Article author: Zhou

Article source: ChainCatcher

Exchanges such as Binance and OKX have successively announced the listing of LIT token pre-market trading. Polymarket predicts that there is a greater than 50% probability that its post-TGE valuation will exceed $3 billion. The on-chain transfer signal of 250 million LIT tokens has completely ignited FOMO sentiment. Everything seems to be going smoothly, and Lighter is undoubtedly one of the most anticipated projects in the crypto market at the end of the year.

However, while everyone is calculating how many LITs and TGEs can be exchanged for and how much the price will rise, the more fundamental questions are being forgotten: How much of this airdrop frenzy is real growth, and how much is just a fleeting illusion fueled by a bubble? Does the Perp DEX track truly possess sustainable value?

Valuation Anchors and the Zero-Fee Trap

In the fiercely competitive Perp DEX sector of 2025, Lighter forged a unique expansion path. Compared to Hyperliquid's breakthrough through exceptional operational capabilities and a fair narrative with zero VC backing, and Aster's brand premium backed by the Binance ecosystem, Lighter chose to deeply embrace top-tier capital.

According to RootData, Lighter completed a massive $68 million funding round in November of this year, led by Founders Fund and Ribbit Capital, with Robinhood also participating.

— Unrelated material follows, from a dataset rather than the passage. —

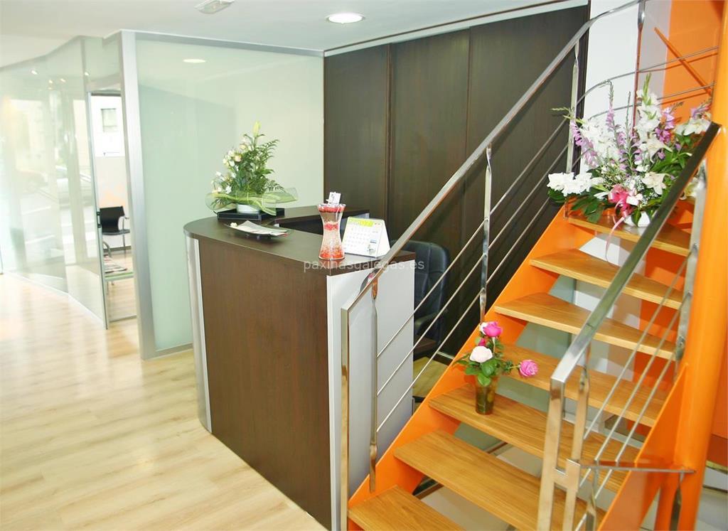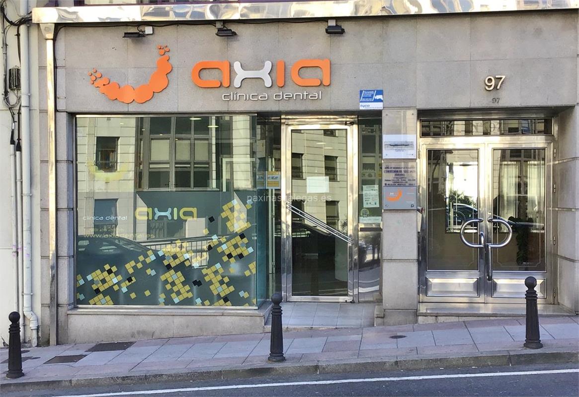 Además, en la parte visual se muestra el logotipo corporativo, la imagen principal identificativa de Axia Clínica Dental, el visualizador de streetview con la vista de la calle Avda. de Finisterre, 97 Bajo - 15004 y sus cercanias. 14 imágenes adicionales relativas a los productos, trabajos, servicios de Axia Clínica Dental.

Its pre-TGE valuation has reached $1.5 billion , and prior to this, it had been backed by established institutions such as Dragonfly and Haun Ventures.

Looking at the metrics, Defillama shows that Lighter's open interest (OI) reached $1.572 billion, with monthly revenue of $10.27 million and annualized revenue approaching $125 million. In terms of trading volume, Lighter recorded $227.19 billion in the past 30 days, even surpassing industry benchmarks Hyperliquid ($175.05 billion) and Aster ($189.034 billion), and was once considered by the market as a dark horse in the perp DEX this year.

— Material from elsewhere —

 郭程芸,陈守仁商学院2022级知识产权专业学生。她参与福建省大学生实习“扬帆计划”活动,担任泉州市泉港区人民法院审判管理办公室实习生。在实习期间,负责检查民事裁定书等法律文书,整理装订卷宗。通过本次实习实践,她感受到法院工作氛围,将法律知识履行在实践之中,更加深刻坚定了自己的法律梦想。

Market analysts believe that Lighter's ambitions extend far beyond simply being a perpetual contract exchange; it aims to build a decentralized trading infrastructure that connects brokerages, fintech companies, and professional market makers. On the retail side, Lighter implements a Robinhood-like "zero-fee" strategy, but this comes with a 200-300 millisecond latency . This undoubtedly creates an excellent arbitrage window for high-frequency market makers. While ordinary retail investors drawn by the "low fees" avoid explicit fees, they may incur several times the normal trading costs due to hidden slippage.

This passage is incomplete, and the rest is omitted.